← Back to context

Comment by oorza

1 year ago

That's the question I was trying to answer. I don't think we can quantify or qualify what higher consciousness actually is, but my hypothesis is the perception of time as non-linear is what leads to it, similar how the perception of communication gave rise to Keller's self awareness.

You can “perceive” time as non-linear all you want, but at the end of the day every effect we’ve found has a temporally-preceding cause.

The “higher consciousness” that we experience thanks to language is probably similar to how—for example—autistic savants can perform astonishing feats of mental math. You’re probably better off trying to understand their thought process and replicate it in a more neurotypical brain than you are trying to figure out how to think in terms of non-linear time in a linear-time reality.

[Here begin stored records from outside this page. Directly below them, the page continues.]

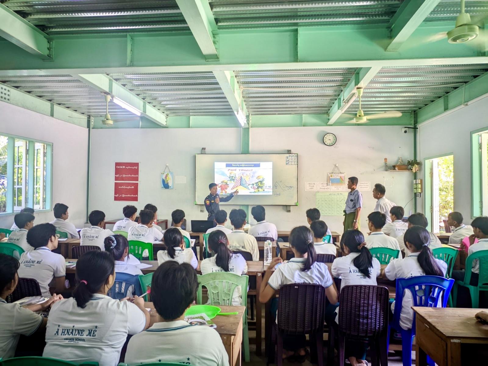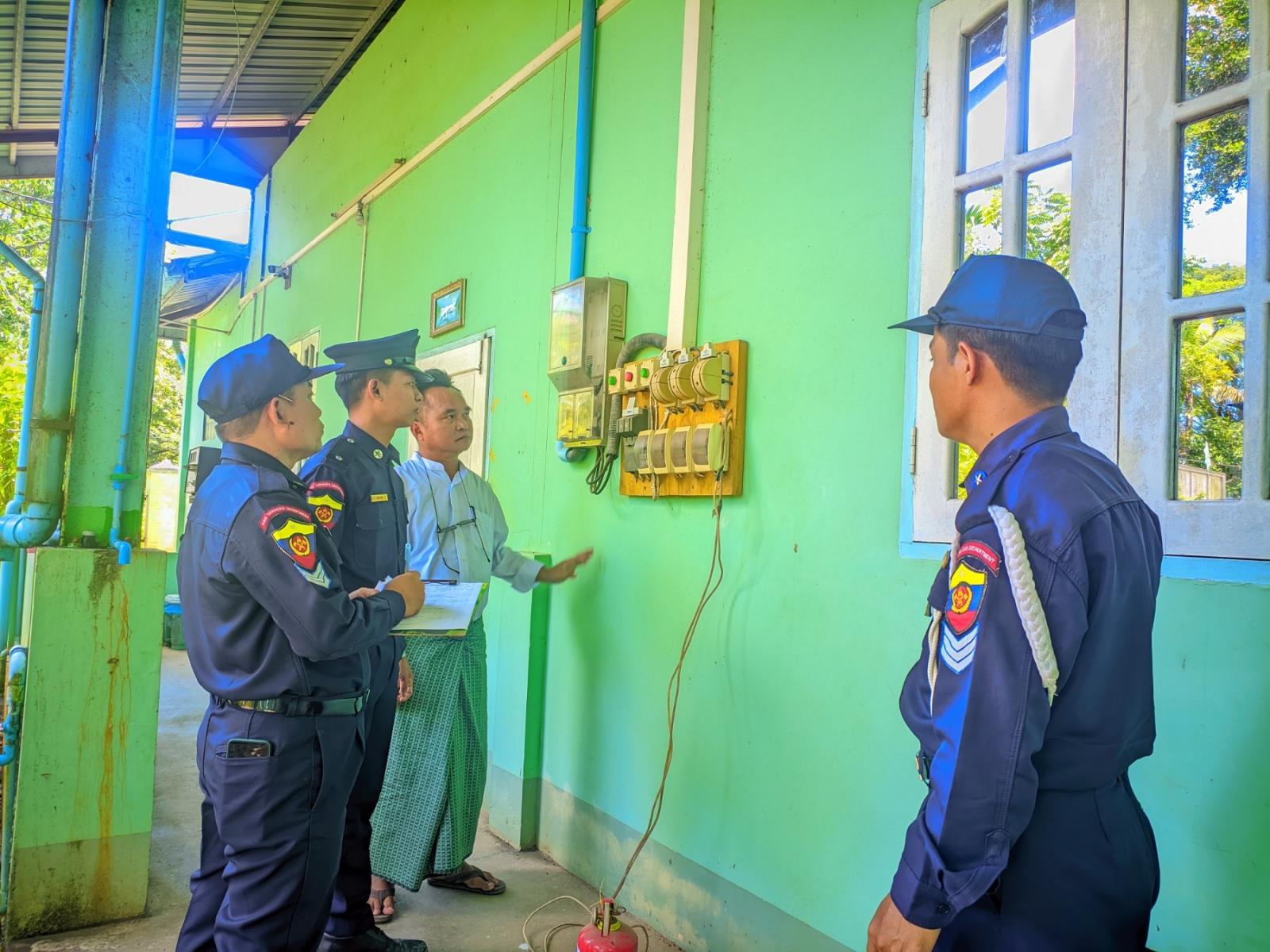 ရန်ကုန်တိုင်းဒေသကြီး၊ တိုက်ကြီးမြို့နယ်၊ အဖျောက်မြို့ရှိ အနှိုင်းမဲ့ကိုယ်ပိုင်အထက်တန်းကျောင်း၌ မီးဘေးလုံခြုံရေးစစ်ဆေးခြင်း၊ မီးဘေးကြိုတင်ကာကွယ်ရေး အသိပညာပေးဟောပြောခြင်းနှင့် မီးငြှိမ်းသတ်ခြင်း လက်တွေ့သရုပ်ပြခြင်းကို ယနေ့ နံနက်ပိုင်းက ဆောင်ရွက်သည်။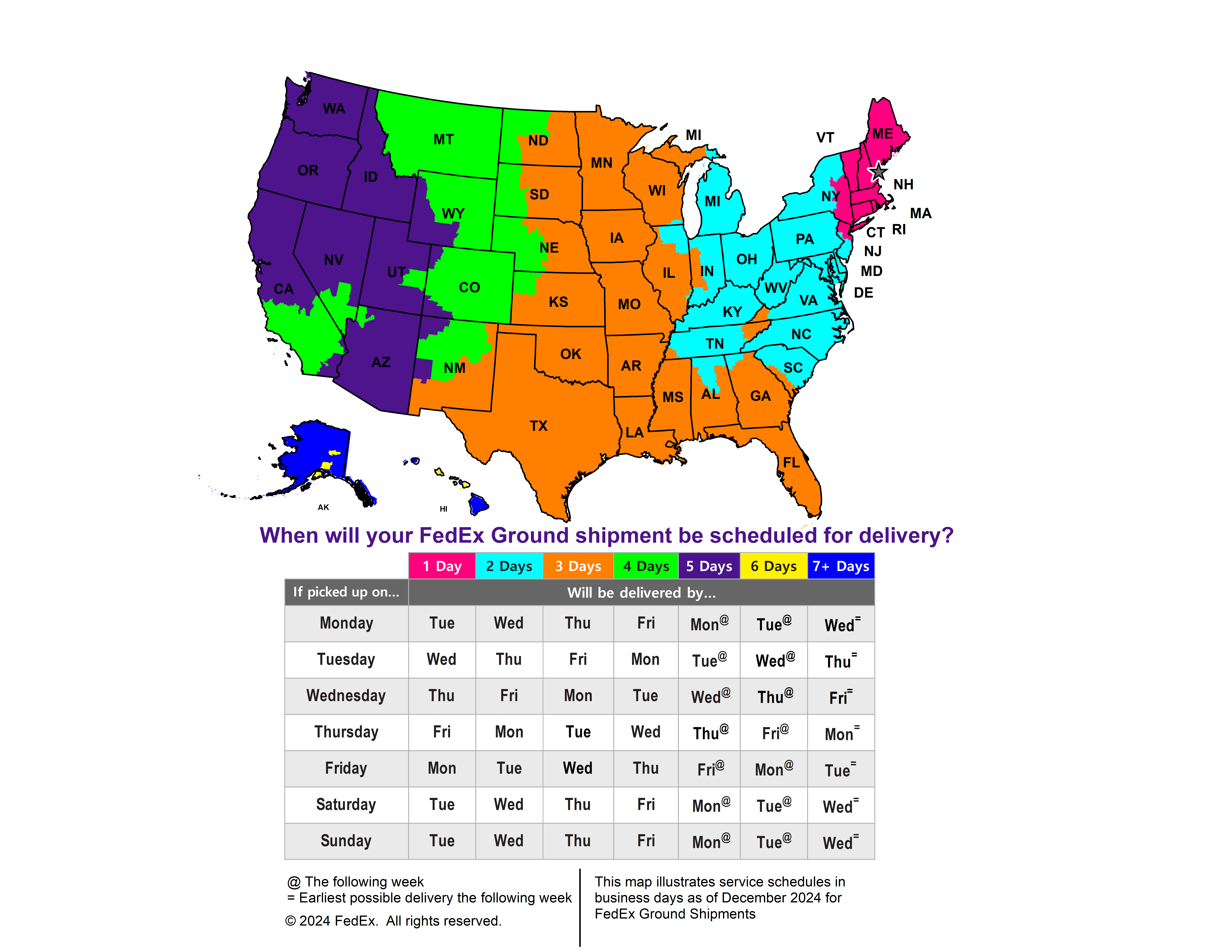 All orders are shipped directly from our factory in Dover NH (EST). Orders that are placed after 1pm are not guaranteed for overnight delivery.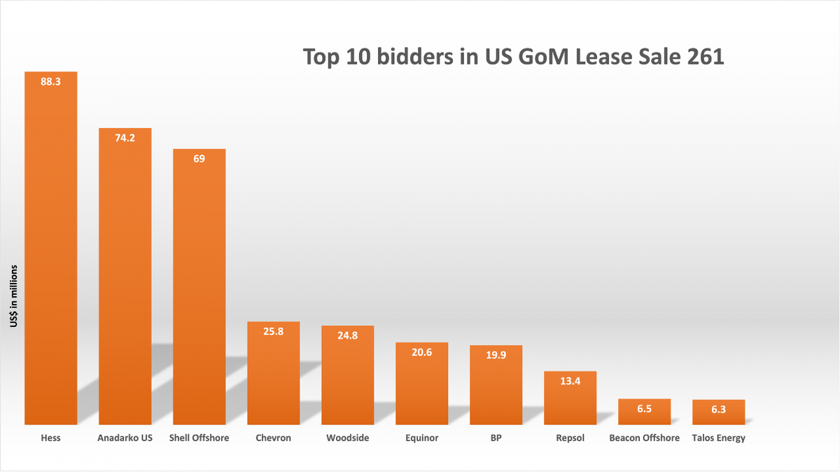 With seven of the top 10 high bids, Anadarko and Hess dominated the Gulf of Mexico Oil and Gas Lease Sale 261, which overall amassed US$382.2M in high bids—the majority of which were for ultra-deepwater and deepwater tracts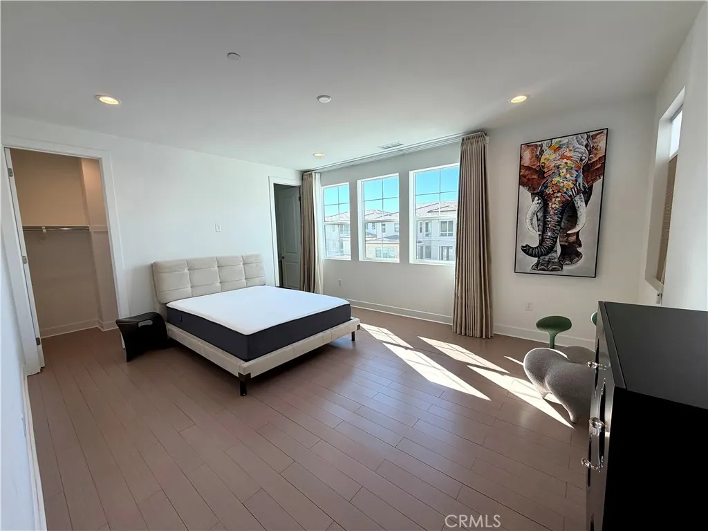 The contemporary interior showcases a dramatic two-story foyer with soaring ceilings, an expansive great room, and an open chef’s kitchen featuring a Wolf range and built-in Sub-Zero refrigerator—ideal for both everyday living and entertaining. A main-level flex room provides versatility for an office or guest suite, while the upstairs loft offers additional living or entertainment space. Each bedroom includes its own ensuite bathroom, ensuring comfort, privacy, and convenience. Designed for modern, energy-efficient living, the home is equipped with solar panels, smart thermostats, a tankless water heater, and three parking spaces.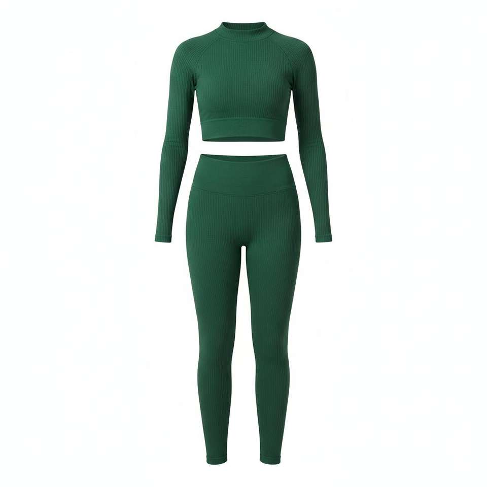 Seamless Ribbed Nylon 2-Piece Yoga Set Mock Neck Long Sleeve Crop Top & High Waist Tummy Control Sublimation Printed Leggings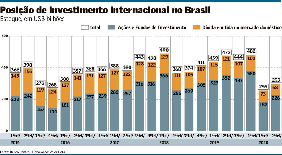 Assim, o estoque de capital estrangeiro em portfólio no Brasil caiu para US$ 293 bilhões no fim de junho, segundo dados do Banco Central. Também houve uma melhora em relação aos R$ 255 bilhões registrados no fim de março. No entanto, ele continua no menor nível desde o segundo trimestre de 2015.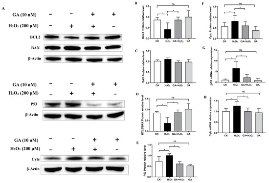 Glycyrrhetinic acid (GA) prevents oxidative stress-induced apoptosis by regulating the downstream targets of PI3K in IPEC-J2 cells. (A–F) The protein expressions of p53, Cytc, BCL2, and BAX were measured by Western blotting with specific primary antibodies, and β-Actin was used as a loading control. (G,H) The mRNA expressions of p53 and Cytc. Quantification of the relative protein expression was performed by densitometric analysis. (B–E) Data were analyzed by one-way ANOVA and multiple comparisons with Duncan’s multiple range test. Data are presented as mean ± SEM with three independent experiments. n = 3 means three independent experiments. The differences between two groups were considered significant at * p < 0.05. ns indicates no difference between two groups.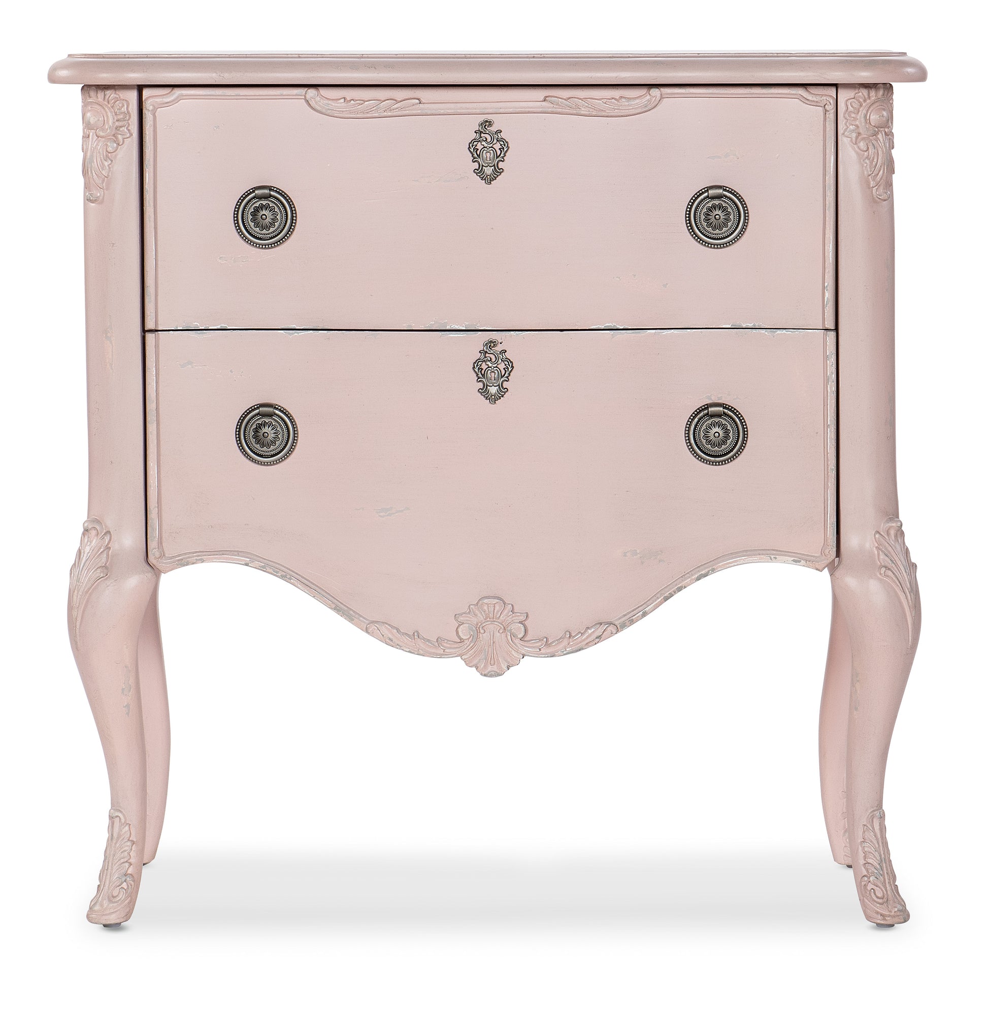• Part of a curated collection to honor the journeys of those affected by breast cancer, the light distressed pink finish of the chest is accented by satin nickel decorative ring pulls and faux lock backplates, and the two drawers have pink interiors

  • Linear can mean two things though: cause-and-effect reality, which, sure seems to be the case. But also - uniform dilation of the experience of time. Which, arguably, we already play with day to day in many subtle ways, and in every conversation/writing/movie/fiction as we distill the thoughts and experiences of others from vastly larger times to our own understanding in the present. We even experience this ebb and flow dilation of the meaningful experience of time as we daydream, work, rest, and sleep - time is rarely experienced with equal attention to every second. It's a dance through the day. And there certainly seem to be (chemical, or meditative) ways to consciously tinker with that effect, or to be more or less skilled with it.